# Update und Insert Gleichzeitig?



## rog (5. Jun 2006)

Hallo liebe Leute,

wie geht man vor, wenn man in einer Tabelle Daten eintragen soll, die teilweise schon vorhanden sind?

Man stelle sich vor in meiner "Zieltabelle" sind folgende 2 Datensätze (Primary key ist die Personenspalte

person1:adresse1:telefon1
person2:adresse2:telefon2


Nun bekomme ich aus einer anderen "Quelltabelle" folgende Datensätze mit 
select * from quelltabelle;

person2:adresse2:neuetelefonnummer
person3:adresse3:telefon3


Um dieses Resultset in meiner Datenbank richtig eintragen zu können, müsste ich eigentlich sagen
dass in der Zieltabelle der Datensatz von Person2 geändert gehört (update) und der
Datensatz von person3 neu eingetragen gehört (insert).
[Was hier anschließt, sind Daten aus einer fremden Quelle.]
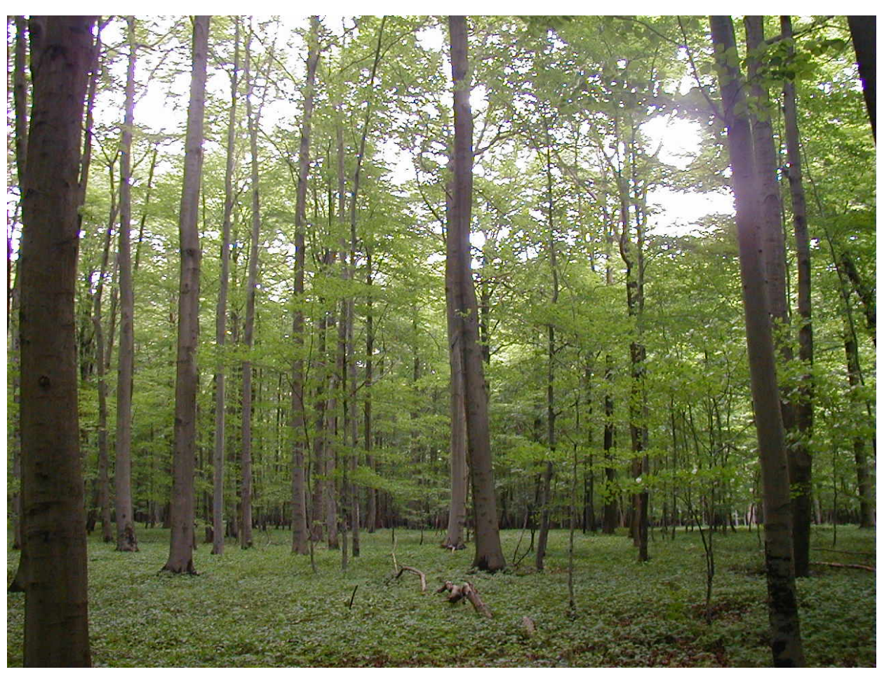
Figure 1: Understory of the Hainich FLUXNET site

Cozzarelli, N. R. (2004) Responsible authorship of papers in PNAS, Proceedings of the National Academy of Sciences of the United States of America, 101 (29), 10495-10495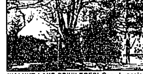
WALNUT LAKE PRIVILEGES! Cozy bungalow. Cherry and brick fireplace add charm to the living room. Dining room with bay window, wrap-around deck with hot tub. 2 car garage. $121,500 (ED-W-06BNK) 448681 Call 626-4000.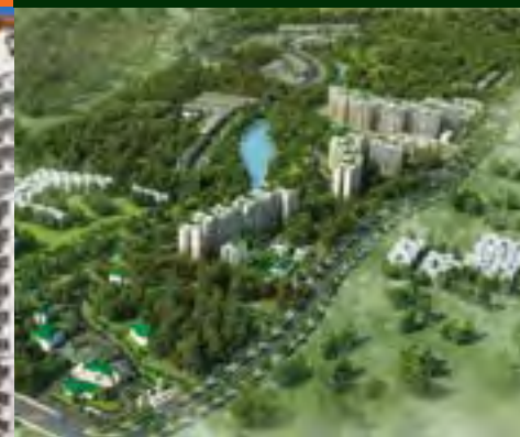
ATS GOLF MEADOWS Dera Bassi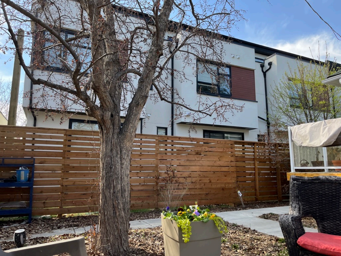
View from my backyard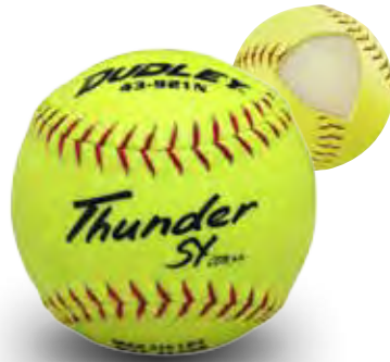
Item# 43-921N • Cover: Synthetic • Size: 12" COR: .44 • Compression: 375 lbs.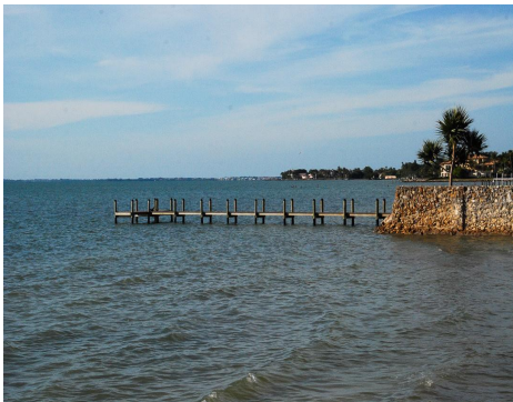
Sarasota Bay.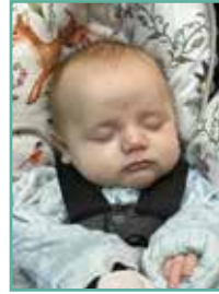
DORIAN August 28, 2024 6 lbs 2 oz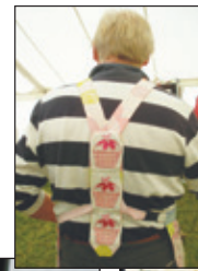
Left and below: At Art in Clay, 2012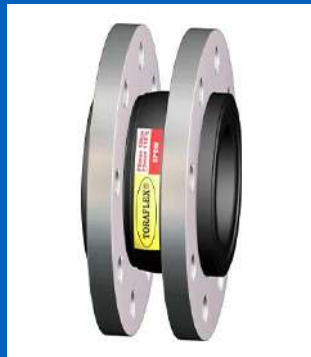
S15 Single Sphere Expansion Joints

Kann eine Datenbank das irgendwie selbst lösen?
(Also Bestehende Keys mit update überschreiben und neue neu inserten)
Oder wie gehe ich da vor? Kommt mir relativ mühsam vor, wenn ich erst Prüfe welche Keys in der Zieltabelle sind dann die mit den keys im Resultset aus der Quelltabelle vergleiche und dann je nachdem ein insert oder update mache.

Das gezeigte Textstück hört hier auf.